GB: We expect to start producing lithium salts from Whabouchi concentrate in late August, which will allow us to have the first commercial material to potential clients by the end of September of 2017. These are commercial samples that customers will use to qualify us as a supplier.
INN: Can you tell us about the results of your bulk sample program at Whabouchi, and your ability to produce high-quality plastics for sand concentrate?
GB: We ran a bulk sample over 23,000 tonnes of ore that was mined in the eastern portion of the open pit in the main dyke, so it’s mine representative. We have processed roughly 10,000 tonnes coming from that material, and the head grade was over 1.7 percent Li20, which is very good quality for such a large bulk sample. We produced roughly a little over 1,000 tonnes of dense media separation (DMS) concentrate averaging over 6.25 percent Li2O. The standard in the market is 6 percent. Again, that has been a very successful bulk sample.
About 50 percent of our concentrate will be made using DMS. We obviously also generate fine materials that are to be processed in a flotation concentrator. That was not installed in Whabouchi bulk sample, so we sent the fine materials to SGS in Lakefield, where we’re currently producing flotation concentrate. By the end of August, we should have completed the small production to have mine-representative material also coming from the flotation process.
INN: You recently announced drill results from the Doris zone. Please share some highlights from the results and what they mean for the new pit design and five-year mine life.
GB: We recently completed infill drilling for the five-year mine plant and a couple of holes to continue the definition of the Doris zone, which was found in 2016. The results of the exploration or additional drilling have shown the extension of the Doris zone to the east and continuing parallel to the main dyke of the Whabouchi deposit. We are currently working on finalizing an optimized open-pit design. We should have the results of that by the end of Q3.
INN: What catalysts can investors look for in the next 12 to 18 months?
GB: Investors should expect major catalysts like the start of production of commercial samples of lithium hydroxide and lithium carbonate from the concentrate produced at the mine, which we expect in Q3 and Q4 of 2017. That will allow us to start the qualification process for products with potential clients, which should result in the signing of additional offtake agreements.

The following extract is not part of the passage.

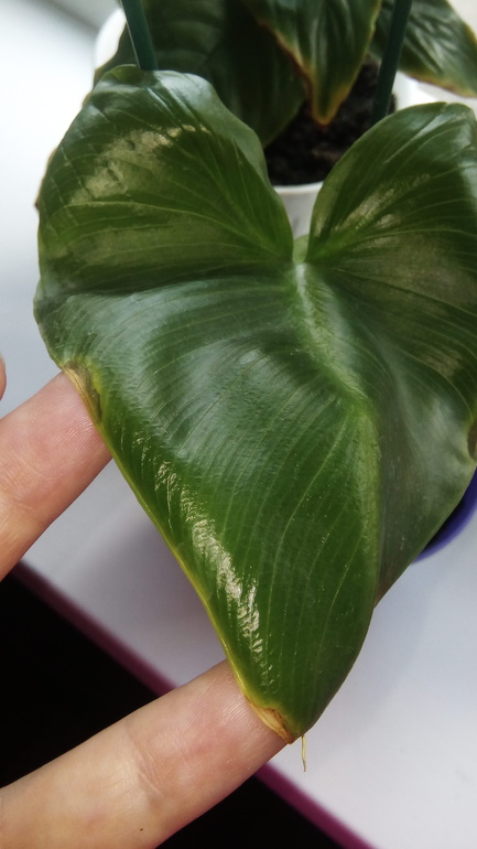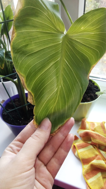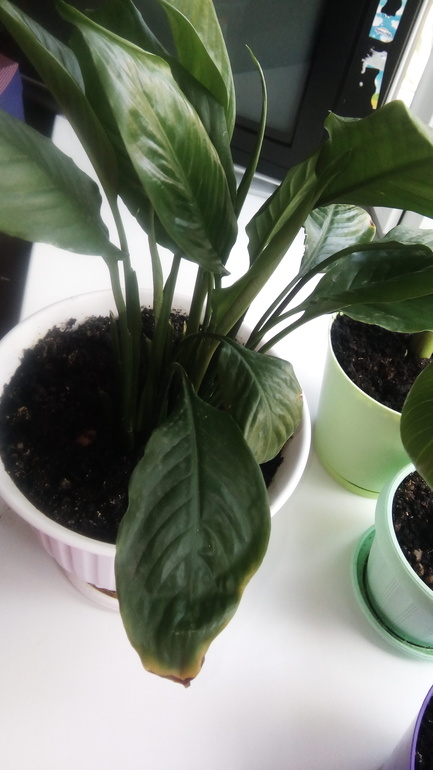 У спатифиллума тоже большой горшок. Выберите горшок строго по размеру корневой, прям тесный. Тогда цвести начнет и лист не будет портить от перелива (в большом объеме грунт просыхать не успевает, корневая угнетается и лист портится). Не связывайте это с сухим воздухом.

Investors can also expect the construction of the Whabouchi mine concentrator to be completed within the next nine to 12 months, and the start of commercial operations there. They will also see the evolution of the construction of the hydromet plant in Shawinigan over the next 18 months following the project financing, which we hope to announce and complete in the coming one to two months.

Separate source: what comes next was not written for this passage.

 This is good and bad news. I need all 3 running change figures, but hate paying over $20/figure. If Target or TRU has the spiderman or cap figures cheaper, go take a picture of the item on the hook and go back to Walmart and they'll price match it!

INN: How well financed is Nemaska to reach these goals?
GB: In the last 12 months we have raised a little over $110 million in equity to advance the commercial project, aside from the financing organized for the Phase 1 Plant construction and operation. It allowed us to accelerate the detailed engineering and it is progressing well. Most of the long-lead items have been identified and will be ordered shortly. We’ve [also] been able to build some infrastructure at the mine site. We are planning to complete the balance of the financing required to complete construction this fall.
INN: Finally, what are the near-term and long-term outlooks for the lithium market and lithium producers?

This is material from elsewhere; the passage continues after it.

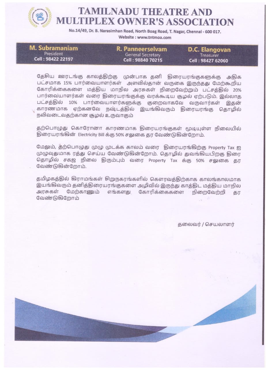 திரையரங்குகள் மூடப்பட்ட பின் 50,000ம் தொழிலாளர்கள் குடும்பங்களின் வாழ்வாதாரம் கேள்விகுறியாகியுள்ளது பிற தொழில்களுக்கு விதி முறைகளுடன் அனுமதி வழங்கியது போன்று திரையரங்கு தொழிலை மீண்டும் தொடங்க மத்திய மாநில அரசுகள் அனுமதி வழங்க வேண்டும் என “தமிழ்நாடு திரையரங்க உரிமையாளர்கள் சங்கம்” வேண்டுகோள் விடுத்து வெளியிட்ட அறிக்கையில் குறிப்பிடப்பட்டிருக்கும் கோரிக்கைகளாவன

GB: The outlook is great for the lithium market, lithium producers and newcomers like Nemaska. Albemarle (NYSE:ALB), FMC (NYSE:FMC) and SQM’s (NYSE:SQM) latest quarterly reports state that sales prices are increasing, demand remains strong and we’re still living through a shortage of supply for the battery-grade materials.
Big car manufacturers like Volkswagen (ETR:VOW3) are committed to having 25 percent of sales be all electric by 2025. I don’t know if people realize, but that alone would take four projects — like Whabouchi — to solely meet Volkswagen’s 2025 demand. So this is huge, very huge. We see a bright future for the lithium space and we’re a part of it.